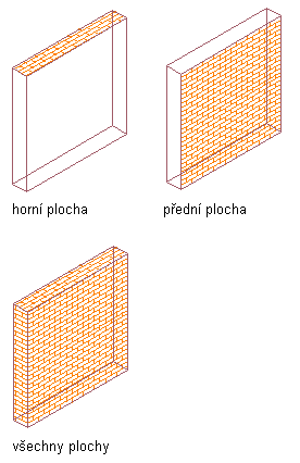 Můžete zadat plochy objektu, které zobrazují šrafování plochy v definici materiálu. Můžete například určit, že šrafování bude pouze na povrchu a levé straně objektu.
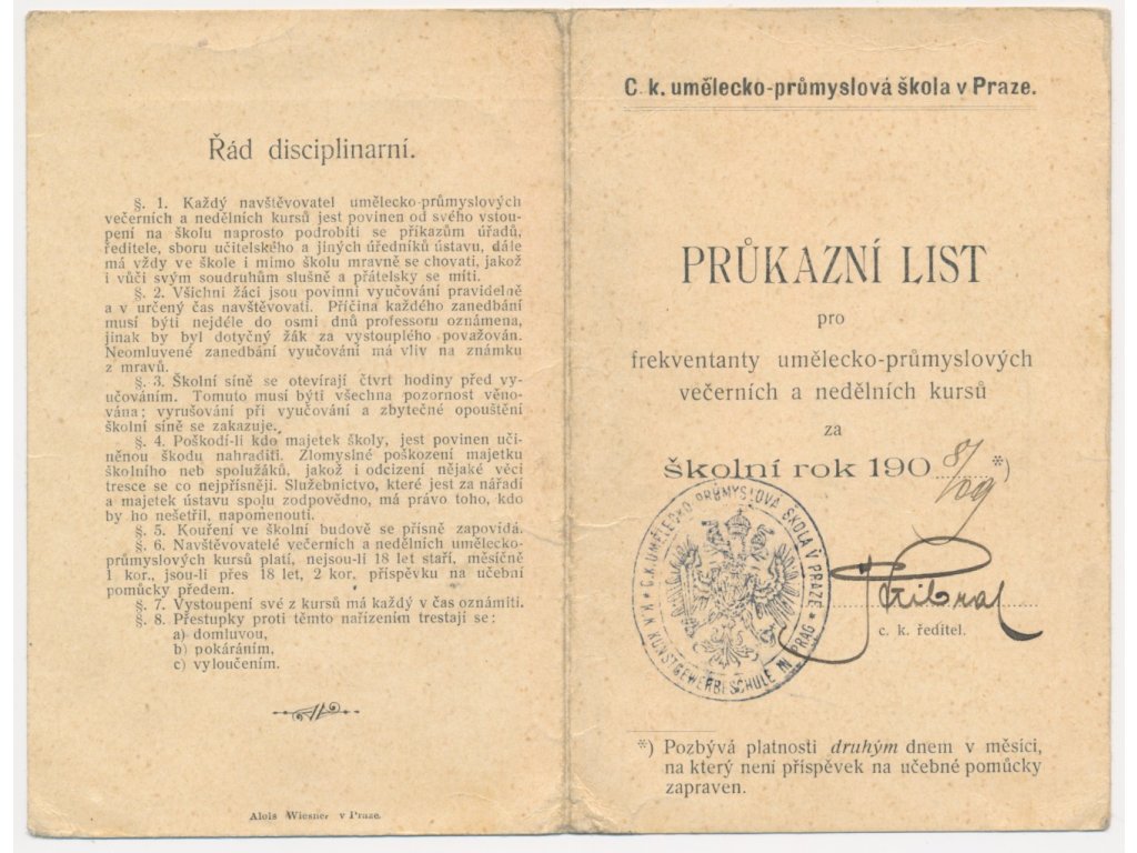 Hofbauer Arnošt (1869-1944), malíř a grafik, sběratelský list o velikosti A4 s Průkazním listem pro frekventanty umělecko-průmyslových večerních a nedělních kurzů, vlastnoruční podpis, datováno 1. března 1909...viz autentické foto
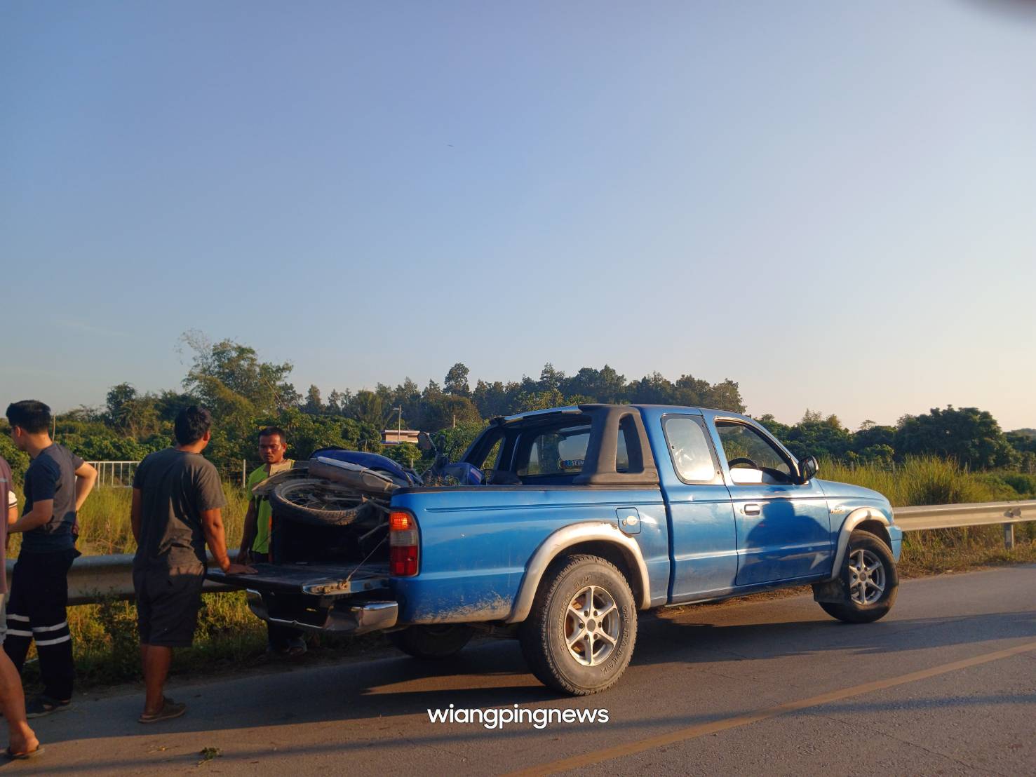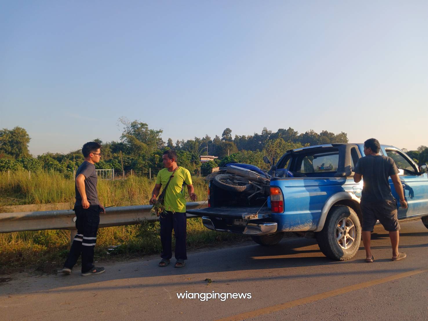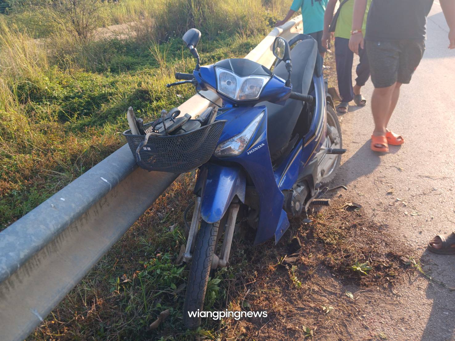 ตรวจสอบพบพบผู้บาดเจ็บเป็นชาย 1 รายอายุ 16 ปี มีอาการบาดเจ็บบริเวณข้อมือซ้ายผิดรูปมีบาดแผลบริเวณศีรษะ ทำการปฐมพยาบาลก่อนนำตัวส่งโรงพยาบาสันทราย ส่วนรถจักรยานยนต์ทางบิดาได้นำเก็บรักษาไว้ไม่มีทรัพย์สินทางราชการเสียหาย หากท่านใดใช้ถนนเส้นนี้ให้เพิ่มความระมัดระวังในการขับขี่เนื่องจากเป็นทางโค้งและเกิดอุบัติเหตุขึ้นบ่อยครั้ง
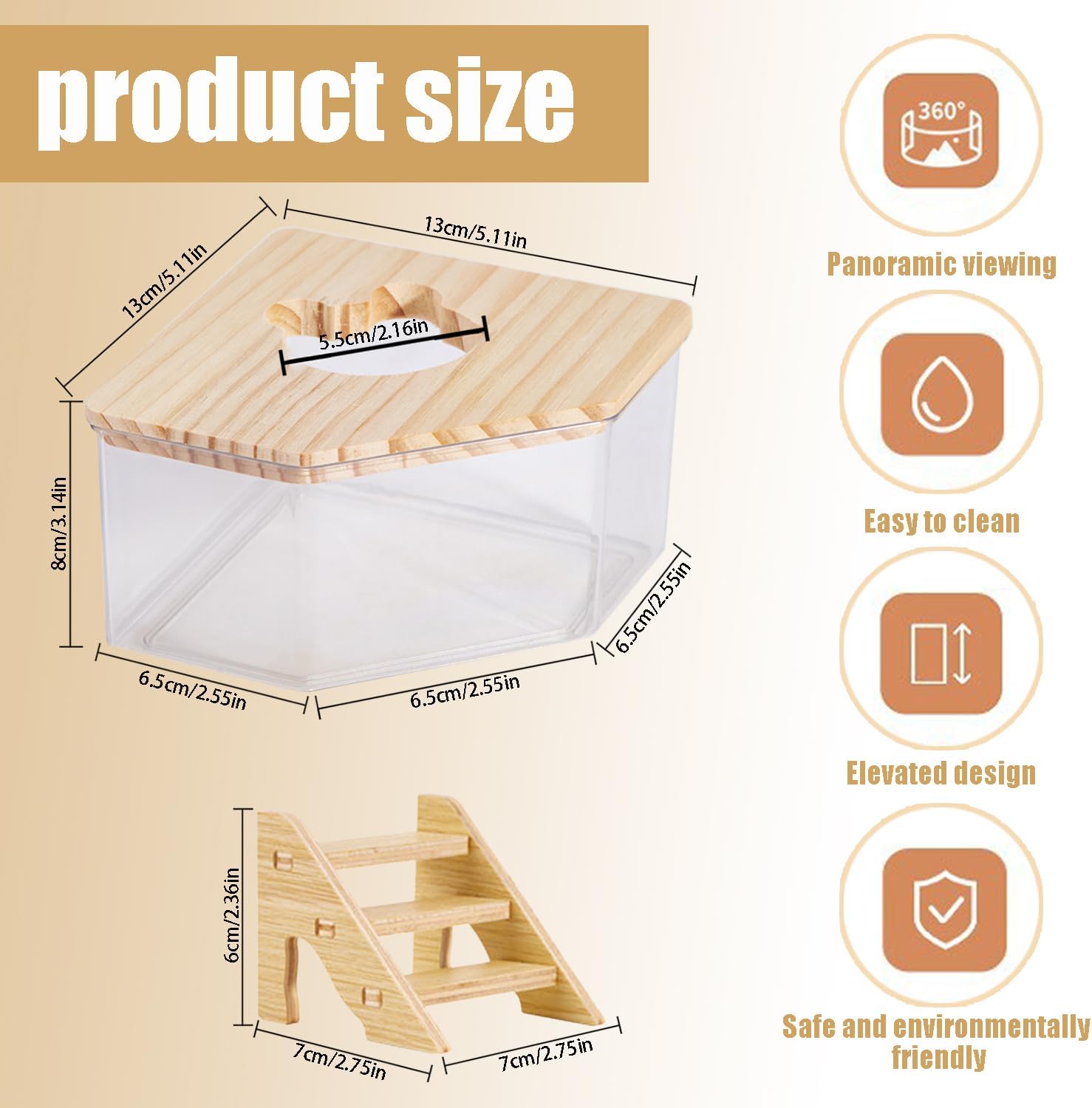 Enhanced Comfort and Safety: This sand bath container features a secure assembly and a top natural wooden cover that enhances structural stability, preventing tipping and ensuring the safety of your beloved hamster.

------------------------------------------------

What you will do — Could each line of the data be written out exactly, with no pictures included?

Exercise solution —
 Můžete zadat plochy objektu, které zobrazují šrafování plochy v definici materiálu. Můžete například určit, že šrafování bude pouze na povrchu a levé straně objektu.
 Hofbauer Arnošt (1869-1944), malíř a grafik, sběratelský list o velikosti A4 s Průkazním listem pro frekventanty umělecko-průmyslových večerních a nedělních kurzů, vlastnoruční podpis, datováno 1. března 1909...viz autentické foto
 ตรวจสอบพบพบผู้บาดเจ็บเป็นชาย 1 รายอายุ 16 ปี มีอาการบาดเจ็บบริเวณข้อมือซ้ายผิดรูปมีบาดแผลบริเวณศีรษะ ทำการปฐมพยาบาลก่อนนำตัวส่งโรงพยาบาสันทราย ส่วนรถจักรยานยนต์ทางบิดาได้นำเก็บรักษาไว้ไม่มีทรัพย์สินทางราชการเสียหาย หากท่านใดใช้ถนนเส้นนี้ให้เพิ่มความระมัดระวังในการขับขี่เนื่องจากเป็นทางโค้งและเกิดอุบัติเหตุขึ้นบ่อยครั้ง
 Enhanced Comfort and Safety: This sand bath container features a secure assembly and a top natural wooden cover that enhances structural stability, preventing tipping and ensuring the safety of your beloved hamster.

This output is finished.